▸ Data shown
■ ■ ■ ■ ■
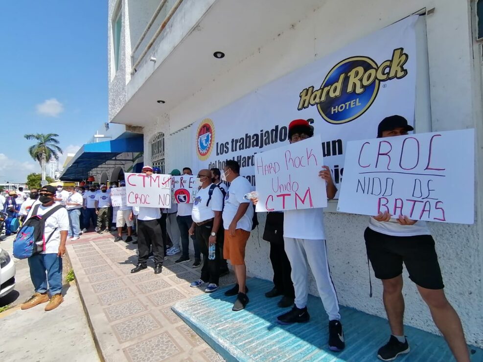 Un promedio de 100 trabajadores sindicalizados de la cadena de hoteles Hard Rock en Quintana Roo, se manifestaron este miércoles, en las instalaciones de la Junta Local de Conciliación y Arbitraje en Chetumal.
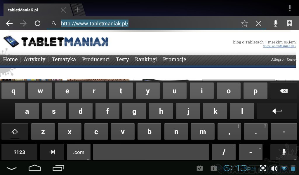 Przeglądarka internetowa z reguły pracuje bez zarzutu. Wczytywanie poszczególnych stron odbywa się z zadowalającą płynnością, a jedyne przestoje wynikają z jakości połączenia internetowego. W fabrycznej konfiguracji tablet nie obsługuje technologii Adobe Flash oraz strumieniowania audio i video (sprawdziłem na stronach oferujących streaming wideo – np. drhtv.com.pl oraz na bazie gry Settlers Online).
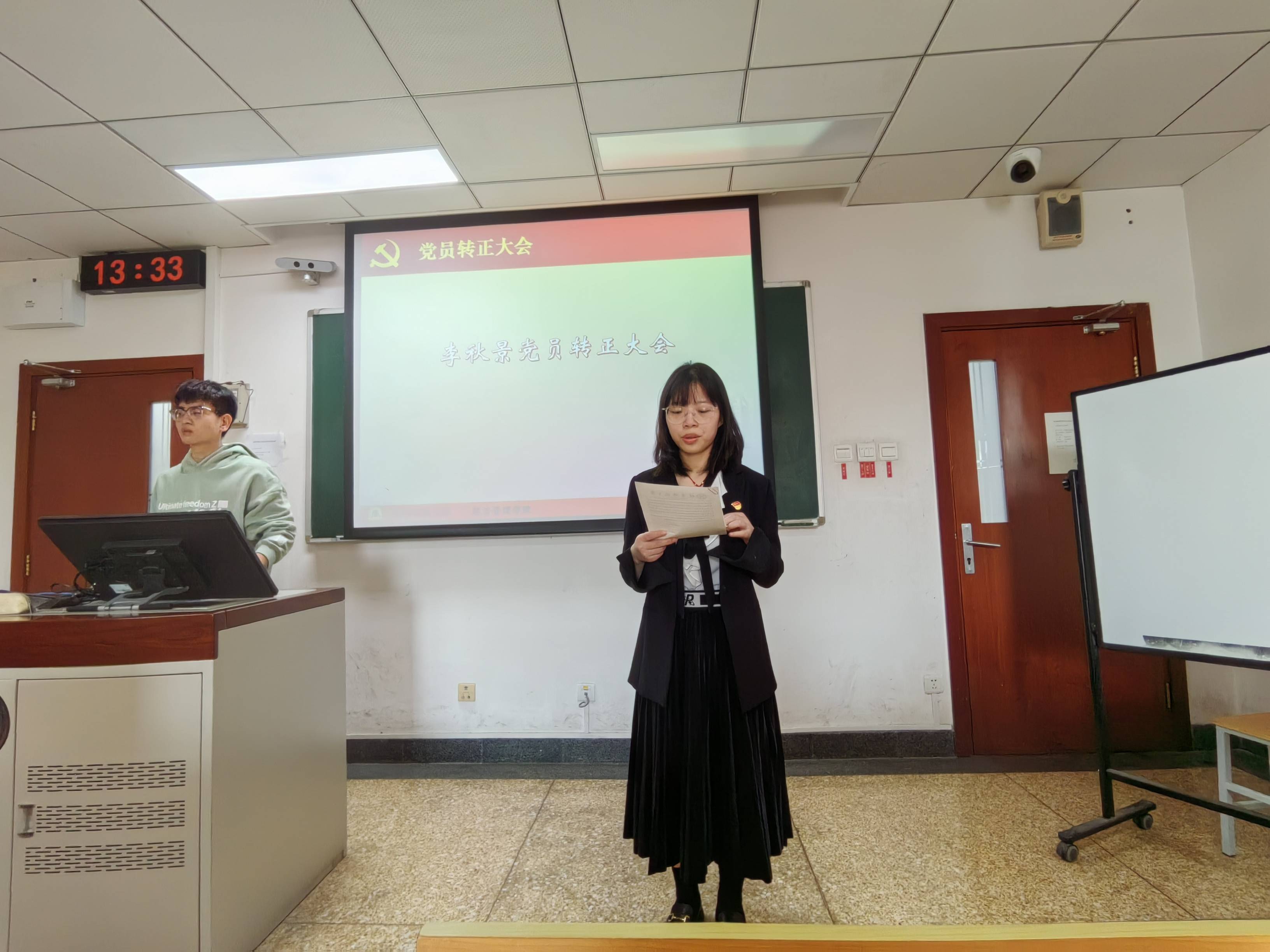 最后,大会提名杨润涵同志为监票人,郭雨琦同志为计票人,由正式党员进行现场无记名投票。支部书记张晓涛同志宣读投票结果:本次未到场有表决权的党员共提交书面意见3份,均为同意。到场有表决权的党员14名,均为同意,共计17名正式党员一致同意李秋景同志按期转正。参会人员纷纷鼓掌表示祝贺。李秋景同志表示,感谢支部同志的信任,成为中共正式党员后会继续努力,严格要求自己,发挥党员的先锋模范作用。
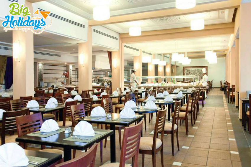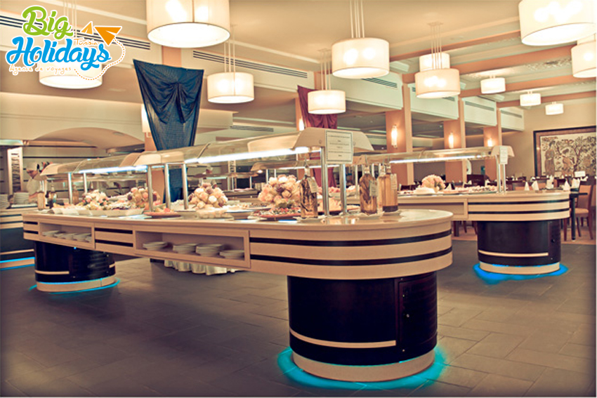 L'hôtel Marhaba Salem Sousse vous propose : • Le petit déjeuner en buffet • Le déjeuner en buffet avec un service à table pour le dessert • Le dîner avec les entrées en buffet et un choix de plat principal et de dessert qui vous seront servis à table. Pour mieux servir les clients et varier les choix. L'Hôtel Marhaba Salem met également à votre disposition : • Un restaurant à la carte qui vous promet dépaysement, découverte et la possibilité de mieux apprécier la cuisine internationale . • Un restaurant au bord de la mer où des grillades au feu de bois et des pizzas variées vous seront servies au ras des vagues. Côté bars: L'hôtel Marhaba Salem vous en propose: • Un Bar au bord de la mer. • Un Bar sur la terrasse de côté de la piscine. • Un bar salon de côté de la réception. • Un café Maure avec son style arabe traditionnel. Vous pourrez savourer des moments privilégiés de détente et de plaisir.
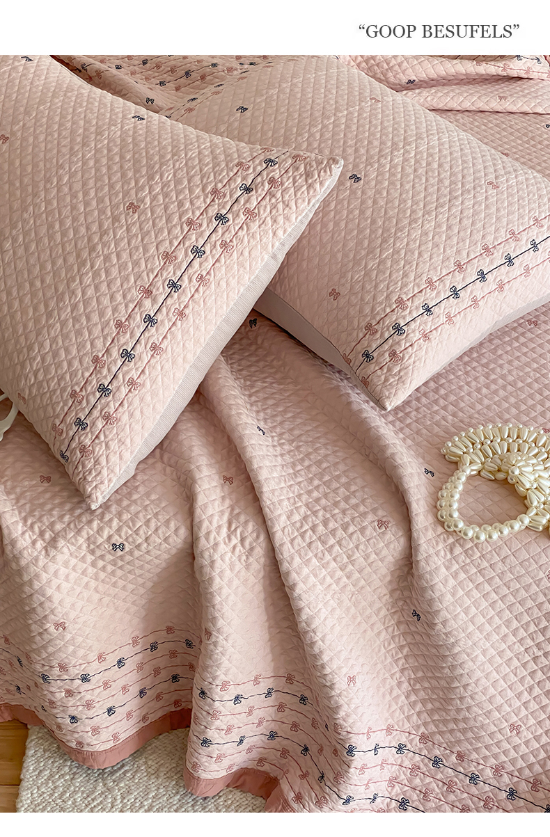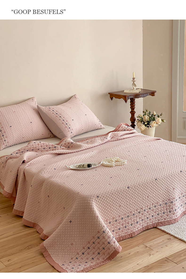 商品名称:麻依 2026新款韩国重工全棉纱布床盖床盖三件套 烟雨-粉
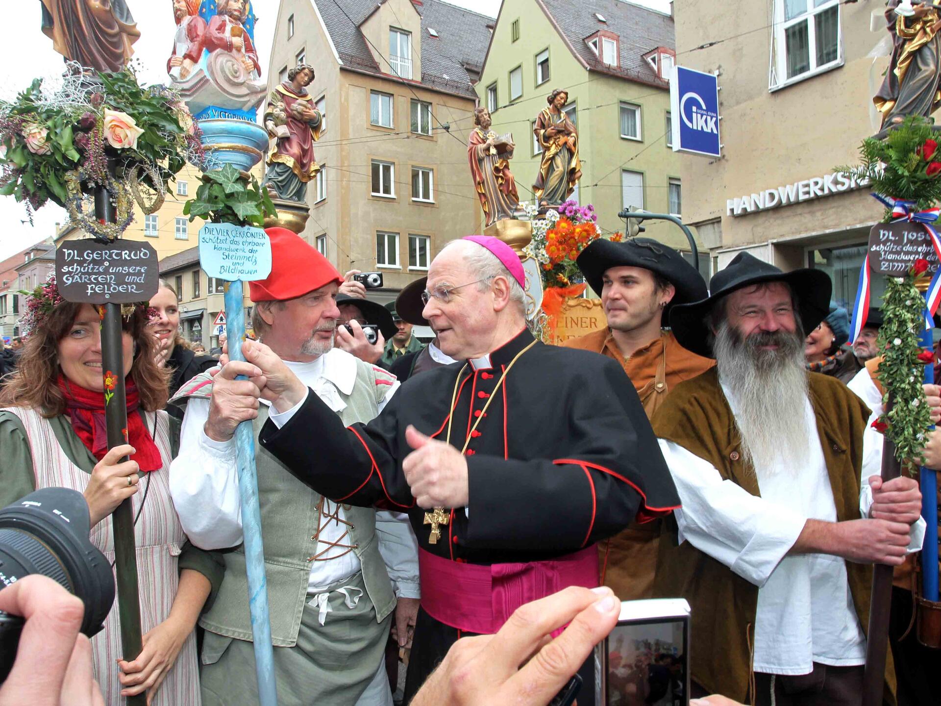 Nach dem Gottesdienst wurde Bischof Konrad von zahlreichen Gläubigen über einen Stationenweg zum Begegnungsfest ins Haus St. Ulrich begleitet. Kirchliche Gruppen, Verbände, Berufsstände und Gemeinschaften gestalteten diesen unter dem Motto „Volk Gottes unterwegs“. Ein Gedanke, der sein bischöfliches Wirken ihn in seiner Amtszeit stets leitete.
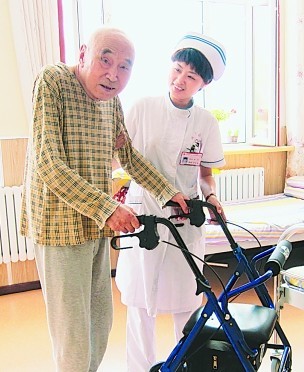 在康苑二楼的一个双人房间里,住着一位从太原来的高龄老人,89岁的赵老太太。老人是太原某玻璃厂的退休职工,有一双儿女。老伴去世后,她就和儿孙们住在一起。近几年,儿子、儿媳也年过花甲,患多种老年疾病,照顾赵老太太力不从心。赵老太太选择了北洸乡卫生院老人康复科度晚年。“外孙孝顺,给我挑了个养老的好地方。我在这里生活得很开心,工作人员照顾得很好。”赵老太太说。
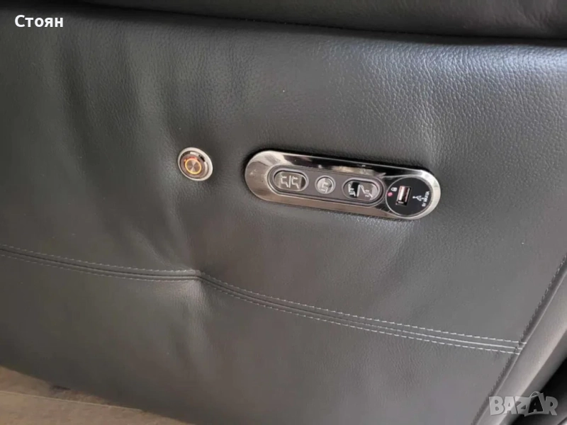 Тъмно сиви кожени дивани тройка и двойка с електрически релаксиращ механизъм за краката и облегалките. Седалките са също така със затоплящ механизъм.
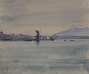 Bains des Pâquis, aquarelle sur papier, signée et datée 1943, 20...
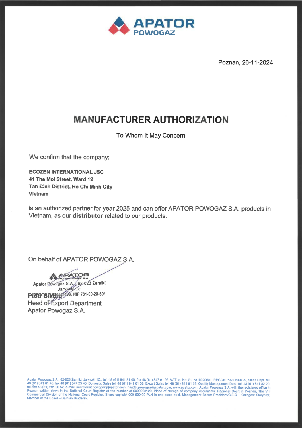 Với sự hợp tác chiến lược cùng Apator, Ecozen cam kết mang đến cho khách hàng những sản phẩm chất lượng cao và dịch vụ tốt nhất và không ngừng nỗ lực để đáp ứng nhu cầu của khách hàng và đem lại những giải pháp tiên tiến, hiệu quả cho ngành nước.
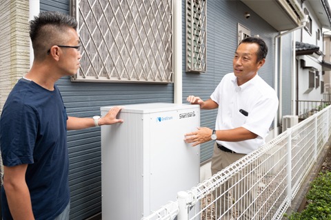 アミカブルさんのチラシがきっかけです。そのチラシは、売電価格の10年固定が終わってしまうので、対策した方が良いという内容でした。興味があったのでアミカブルさんに電話すると、とりあえず会社にお見えになりませんかと誘われました。電話でも説明するけど電話では分からない部分もあるので、一度会社に来て話した方が絶対に良いと。そこで会社にお伺いすると、1kWhあたり48円の固定が終わると8.5円にまで下がることを教えてくれたんです。そこで初めて蓄電池の話が出るんです。蓄電池を入れると、何より災害時に良いと。例えば、停電になってもすぐに電源が回復する。それと、電気代の節約にも繫がるという話でした。それからすぐに家に来てもらい、もう一度妻と話を聴き、契約しようということになりました。
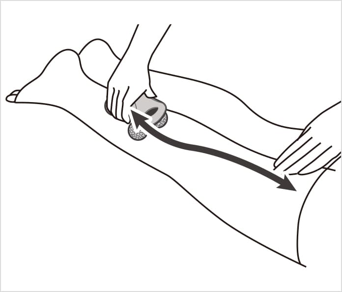 沿着脚踝至膝盖后侧滚动按摩小腿肚。
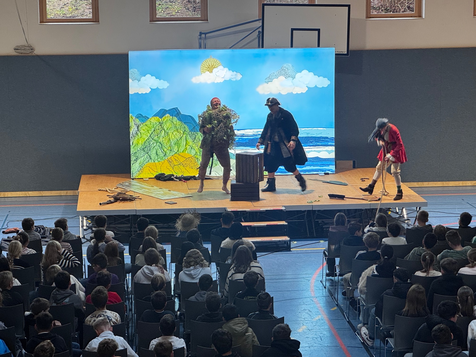 Die Klassen 8–10 sahen das ernstere Stück „Sticks and Stones“, das sich mit Mobbing und Ausgrenzung auseinandersetzt. Die Schülerinnen und Schüler verfolgten gespannt, wie verschiedene Formen von Konflikten dargestellt wurden und wie hilflos Betroffene sich fühlen können. Viele nutzten die Gelegenheit, im Unterricht später darüber weiterzudiskutieren.
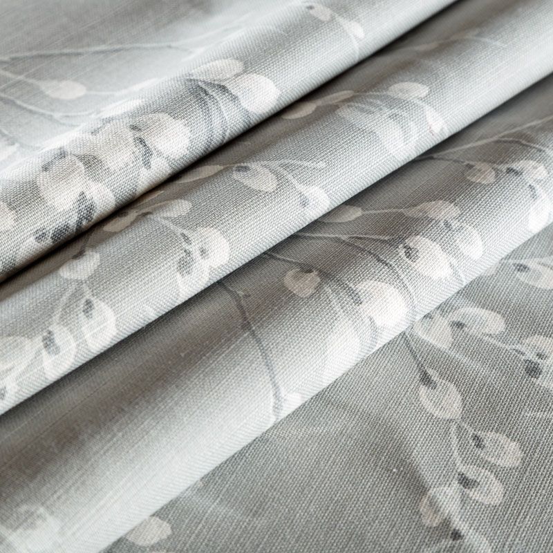 Хлопковая портьерная ткань с изящным весенним принтом в сдержанных серых оттенках. Ткань средней плотности, без блеска, хорошо драпируется, имеет полонтяное переплетение. Можно использовать для пошива портьер, римской шторы, салфеток, столового белья, подушек, покрывал и других предметов текстильного интерьера.
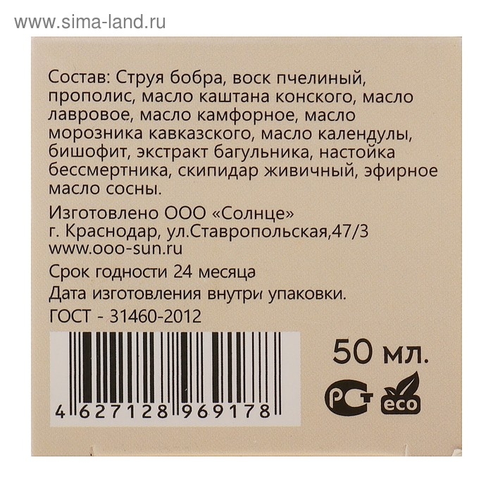 Состав: бобровая струя, пчелиный воск, прополис, масло конского каштана, лавровое масло, камфорное масло, масло морозника кавказского, масло календулы, бишофит, экстракт багульника, настойка бессмертника, живичный скипидар, эфирное масло сосны.
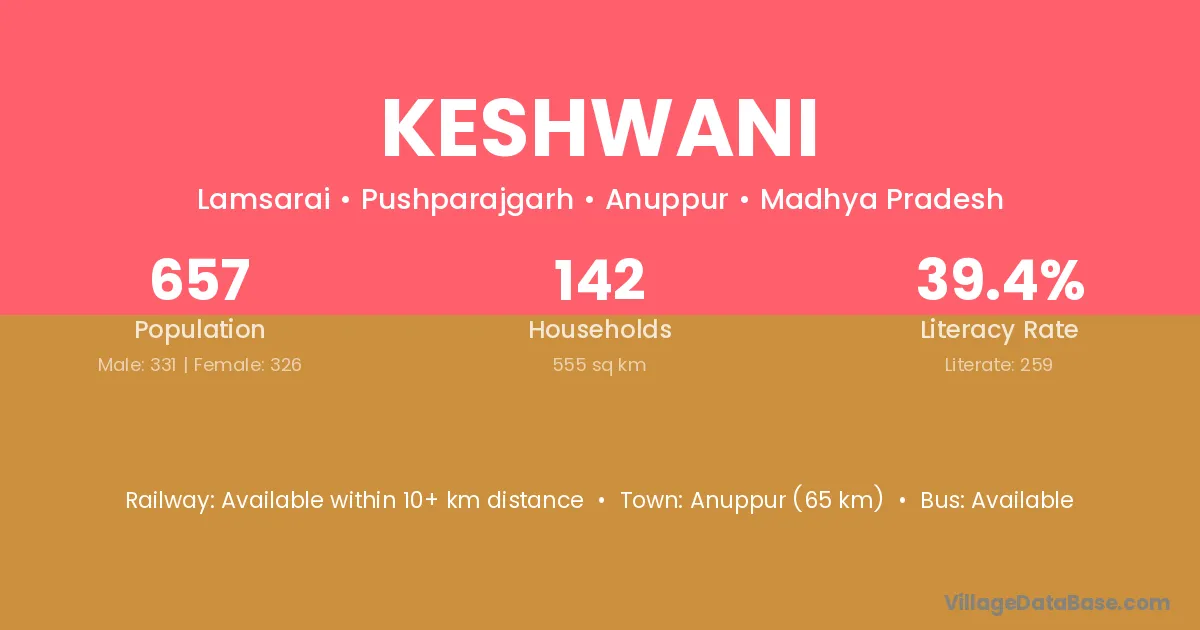 Anuppur (65 km) is the nearest town to Keshwani village for major economic activities and is located approximately 65 km away.
■ ■ ■ ■ ■
▸ Task to complete
Give again, word for word, the line that contains "Die Klassen 8–10" and every line after it through the end of the entries; omit the pictures.

▸ Answer for the task
 Die Klassen 8–10 sahen das ernstere Stück „Sticks and Stones“, das sich mit Mobbing und Ausgrenzung auseinandersetzt. Die Schülerinnen und Schüler verfolgten gespannt, wie verschiedene Formen von Konflikten dargestellt wurden und wie hilflos Betroffene sich fühlen können. Viele nutzten die Gelegenheit, im Unterricht später darüber weiterzudiskutieren.
 Хлопковая портьерная ткань с изящным весенним принтом в сдержанных серых оттенках. Ткань средней плотности, без блеска, хорошо драпируется, имеет полонтяное переплетение. Можно использовать для пошива портьер, римской шторы, салфеток, столового белья, подушек, покрывал и других предметов текстильного интерьера.
 Состав: бобровая струя, пчелиный воск, прополис, масло конского каштана, лавровое масло, камфорное масло, масло морозника кавказского, масло календулы, бишофит, экстракт багульника, настойка бессмертника, живичный скипидар, эфирное масло сосны.
 Anuppur (65 km) is the nearest town to Keshwani village for major economic activities and is located approximately 65 km away.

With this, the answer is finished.